Natural killer cells are crucial for the efficacy of Icon (factor VII/human IgG1 Fc) immunotherapy in human tongue cancer
1 Department of Obstetrics, Gynecology and Reproductive Sciences, Yale University, New Haven, CT 06520, USA
2 Department of Molecular Biophysics and Biochemistry, Yale University, New Haven, CT 06520, USA
BMC Immunology 2010, 11:49 doi:10.1186/1471-2172-11-49Published: 12 October 2010
Icon is a novel, dual neovascular- and cancer cell-targeting immunotherapeutic agent and has shown efficacy in the treatment of cancer, wet form macular degeneration and endometriosis. However, its underlying mechanism remains to be investigated. The objective of this study is to elucidate the mechanism of Icon immunotherapy in cancer using a squamous carcinoma human tongue cancer line TCA8113 in vitro and in vivo in severe combined immunodeficiency (SCID) mice.

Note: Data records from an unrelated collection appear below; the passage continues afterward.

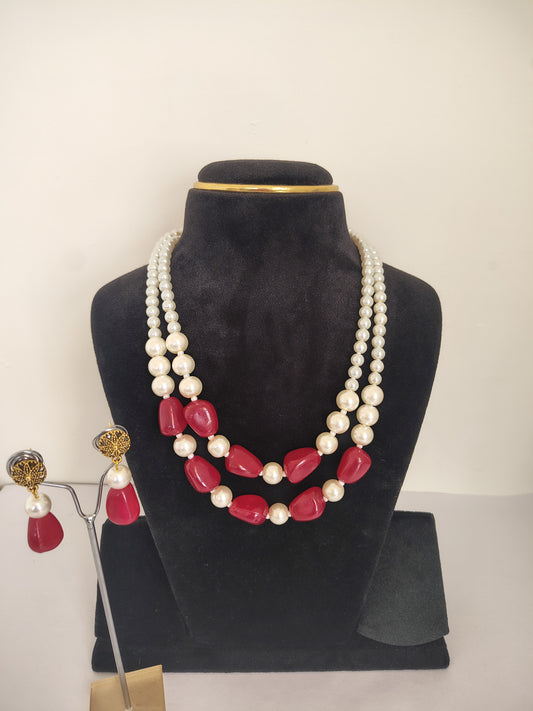 Red White Pearl Necklace With Earrings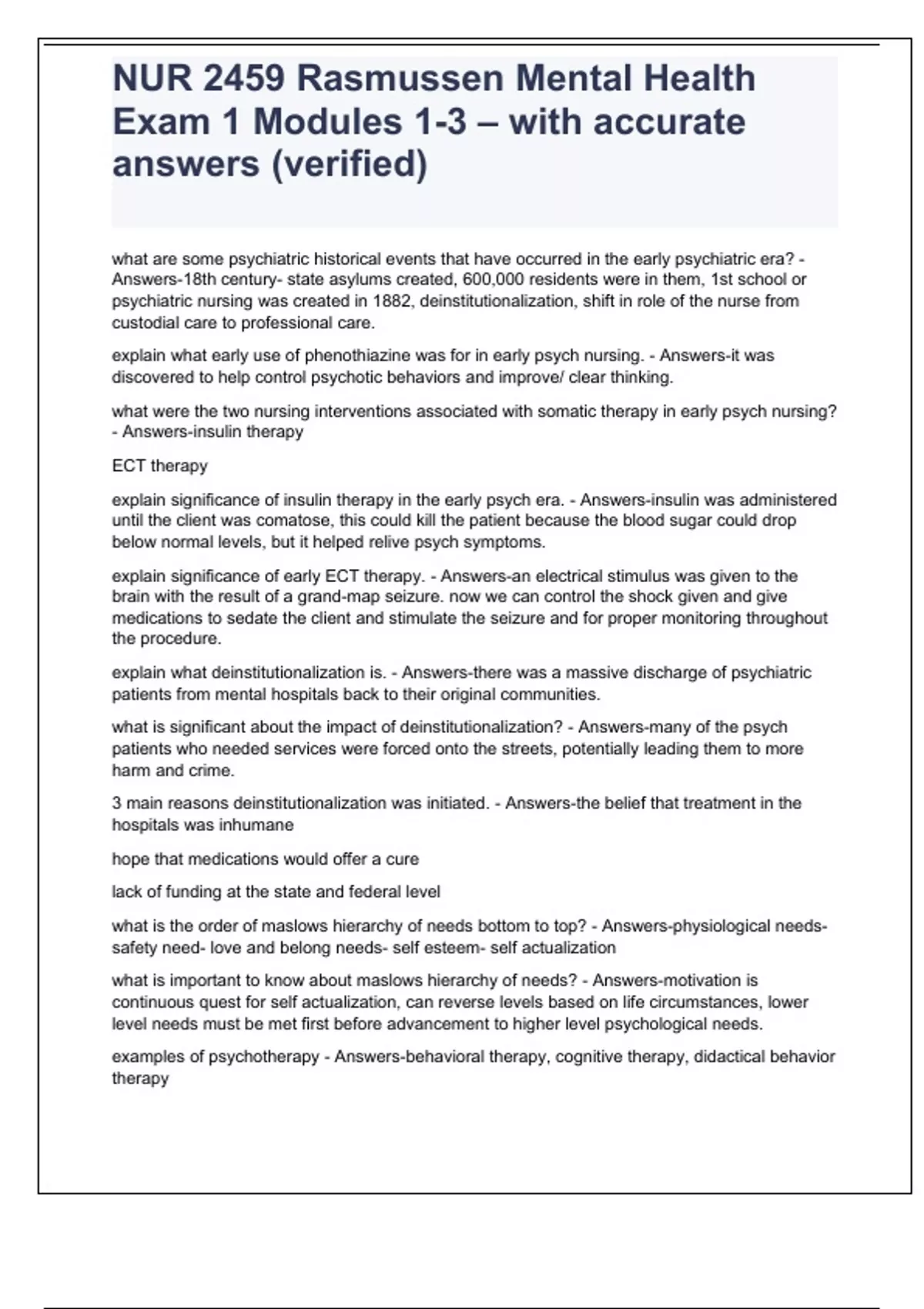what are some psychiatric historical events that have occurred in the early psychiatric era? - Answers-18th century- state asylums created, 600,000 residents were in them, 1st school or psychiatric nursing was created in 1882, deinstitutionalization, shift in role of the nurse from custodial care to professional care. explain what early use of phenothiazine was for in early psych nursing. - Answers-it was discovered to help control psychotic behaviors and improve/ clear thinking. what were the two nursing interventions associated with somatic therapy in early psych nursing? - Answers-insulin therapy ECT therapy explain significance of insulin therapy in the early psych era. - Answers-insulin was administered until the client was comatose, this could kill the patient because the blood sugar could drop below normal levels, but it helped relive psych symptoms. explain significance of early ECT therapy. - Answers-an electrical stimulus was given to the brain with the result of a grand-map seizure. now we can control the shock given and give medications to sedate the client and stimulate the seizure and for proper monitoring throughout the procedure. explain what deinstitutionalization is. - Answers-there was a massive discharge of psychiatric patients from mental hospitals back to their original communities. what is significant about the impact of deinstitutionalization? - Answers-many of the psych patients who needed services were forced onto the streets, potentially leading them to more harm and crime. 3 main reasons deinstitutionalization was initiated. - Answers-the belief that treatment in the hospitals was inhumane hope that medications would offer a cure lack of funding at the state and federal level what is the order of maslows hierarchy of needs bottom to top? - Answers-physiological needs-safety need- love and belong needs- self esteem- self actualization what is important to know about maslows hierarchy of needs? - Answers-motivation is continuous quest for self actualization, can reverse levels based on life circumstances, lower level needs must be met first before advancement to higher level psychological needs. examples of psychotherapy - Answers-behavioral therapy, cognitive therapy, didactical behavior therapy based on a verbal therapist to client interaction examples of open environment therapies - Answers-family, group and milieu therapy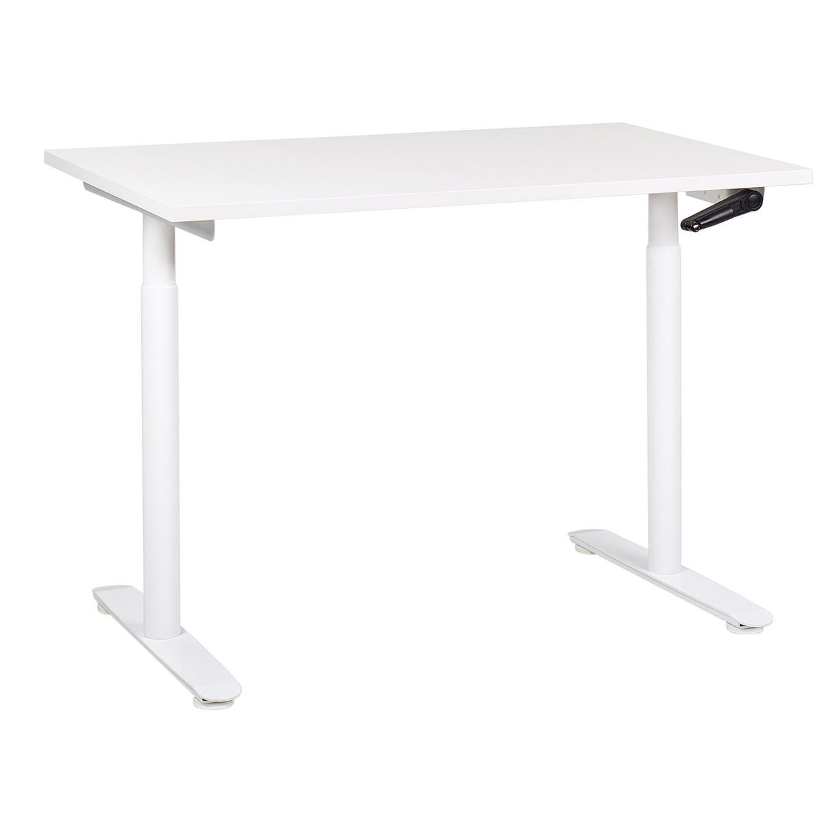 Manuell höhenverstellbarer Arbeitstisch in Weiß. Passen Sie Ihren eigenen Arbeitsplatz ganz nach Ihren individuellen Bedürfnissen an. Mit einem manuell höhenverstellbaren Tischgestell mit teleskopischen, runden Tischbeinen aus weißem, pulverbeschichtetem Stahl können Sie Ihren Arbeitsplatz im Handumdrehen ergonomisch gestalten. Dadurch haben Sie die Möglichkeit, sitzende und stehende Tätigkeiten angenehm ab zu wechseln. Mit einem Kurbelmechanismus verwandeln Sie in nur wenigen Sekunden Ihren Bürotisch in einen praktischen Stehtisch. Die robuste, weiße Tischplatte verfügt über eine strapazierfähige, nahezu kratzfeste Melaminbeschichtung.

We showed that Icon, as a chimeric factor VII and human IgG1 Fc immunoconjugate, could separately induce murine natural killer (NK) cells and activate complement to kill TCA8113 cancer cells in vitro via antibody dependent cell-mediated cytotoxicity (ADCC) and complement-dependent cytotoxicity (CDC). However, Icon-NK ADCC had a significantly stronger effect than that of Icon-CDC. Moreover, Icon could completely eradicate established human tongue tumour xenografts in vivo in the CB-17 strain of SCID mice that have functional NK cells at a normal level, whereas it was less effective in SCID/Beige mice that do not have functional NK cells.
We conclude that NK cells are crucial for the efficacy of Icon immunotherapy in the treatment of cancer. The results also suggest that impaired NK level/activity could contribute to the resistance to therapeutic antibodies that are currently under investigation in preclinical and clinical studies.